• [Recorded information]:
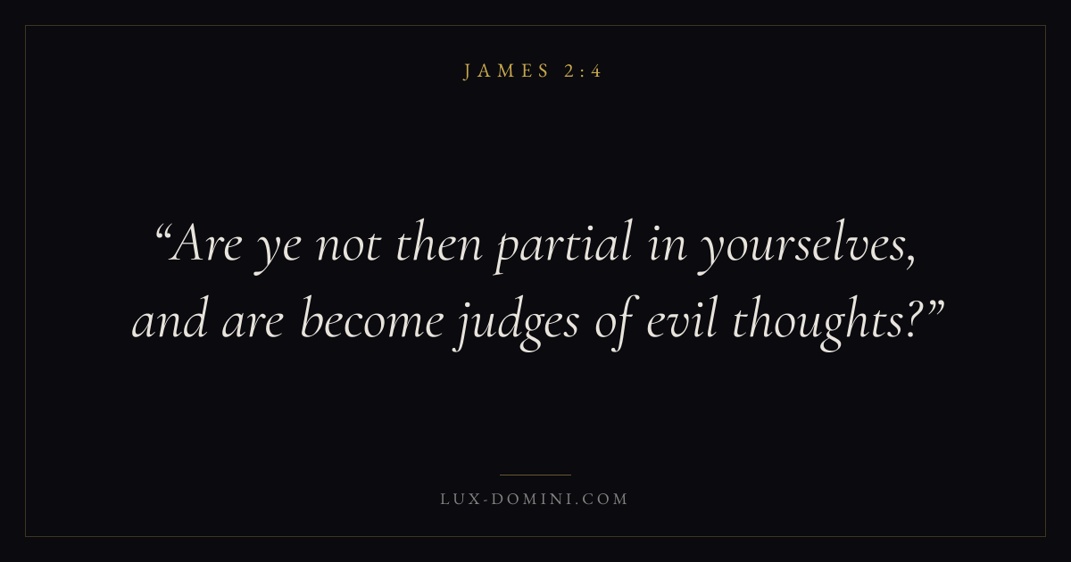 Books / James / Chapter 2 / Verse 4 ← James 2:3 James 2:4 James 2:5 → Are ye not then partial in yourselves, and are become judges of evil thoughts? Download verse card Share on Twitter Share on Facebook Pin it ✦ Key themes FaithPrayerWisdomHumilityWorks Read with James 2:1James 2:2Hebrews 11:1Romans 10:17 Related topics Bible verses about faithBible verses about prayerBible verses about wisdomBible verses about humility ✦ James Chapter 2 verses V. 1 V. 2 V. 3 V. 4 V. 5 V. 6 V. 7 V. 8 V. 9 V. 10 V. 11 V. 12 V. 13 V. 14 V. 15 V. 16 V. 17 V. 18 V. 19 V. 20 V. 21 V. 22 V. 23 V. 24 V. 25 V. 26
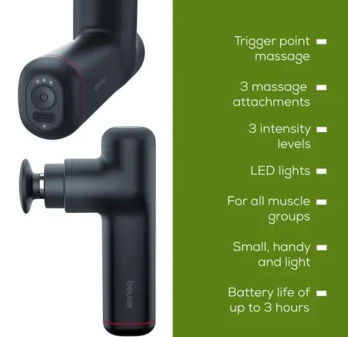 منتجات رائعة تأتي في عبوات صغيرة! بفضل حجمه الصغير الذي يبلغ 14.7 سم، يتميز مسدس التدليك MG 79 بحجمه الصغير، ولكنه قوي جدًا في الوقت نفسه. مع 3 مستويات شدة، و3 ملحقات تدليك، وعمر بطارية يصل إلى 3 ساعات، فهو مثالي لمناطق الجسم الحساسة مثل عضلات الرقبة والقدم والفك.
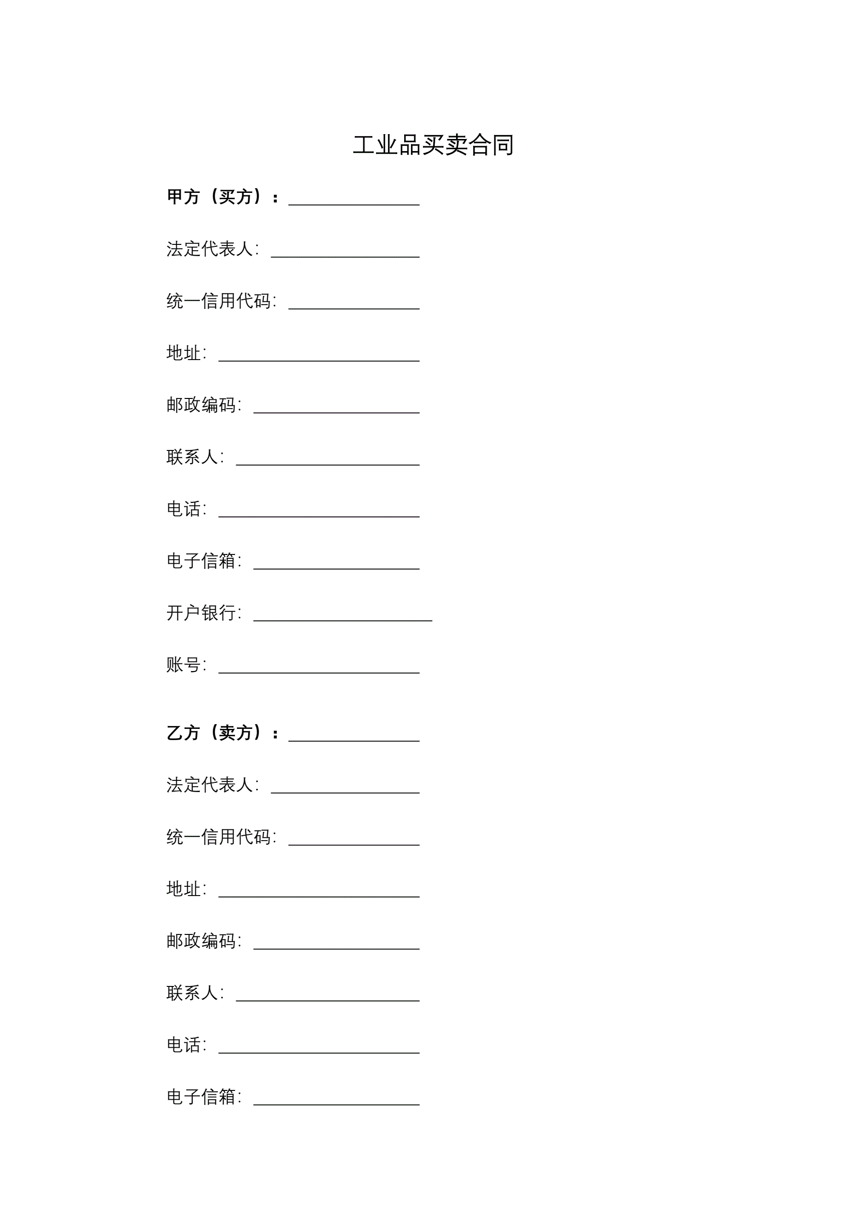 合同名称:工业品买卖合同
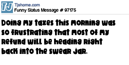 X Doing my taxes this morning was so frustrating that most of my refund will be heading right back into the swear jar.

• [What this task involves]:
Output an exact copy of the material, with the pictures removed.

• [Written answer]:
 Books / James / Chapter 2 / Verse 4 ← James 2:3 James 2:4 James 2:5 → Are ye not then partial in yourselves, and are become judges of evil thoughts? Download verse card Share on Twitter Share on Facebook Pin it ✦ Key themes FaithPrayerWisdomHumilityWorks Read with James 2:1James 2:2Hebrews 11:1Romans 10:17 Related topics Bible verses about faithBible verses about prayerBible verses about wisdomBible verses about humility ✦ James Chapter 2 verses V. 1 V. 2 V. 3 V. 4 V. 5 V. 6 V. 7 V. 8 V. 9 V. 10 V. 11 V. 12 V. 13 V. 14 V. 15 V. 16 V. 17 V. 18 V. 19 V. 20 V. 21 V. 22 V. 23 V. 24 V. 25 V. 26
 منتجات رائعة تأتي في عبوات صغيرة! بفضل حجمه الصغير الذي يبلغ 14.7 سم، يتميز مسدس التدليك MG 79 بحجمه الصغير، ولكنه قوي جدًا في الوقت نفسه. مع 3 مستويات شدة، و3 ملحقات تدليك، وعمر بطارية يصل إلى 3 ساعات، فهو مثالي لمناطق الجسم الحساسة مثل عضلات الرقبة والقدم والفك.
 合同名称:工业品买卖合同
 X Doing my taxes this morning was so frustrating that most of my refund will be heading right back into the swear jar.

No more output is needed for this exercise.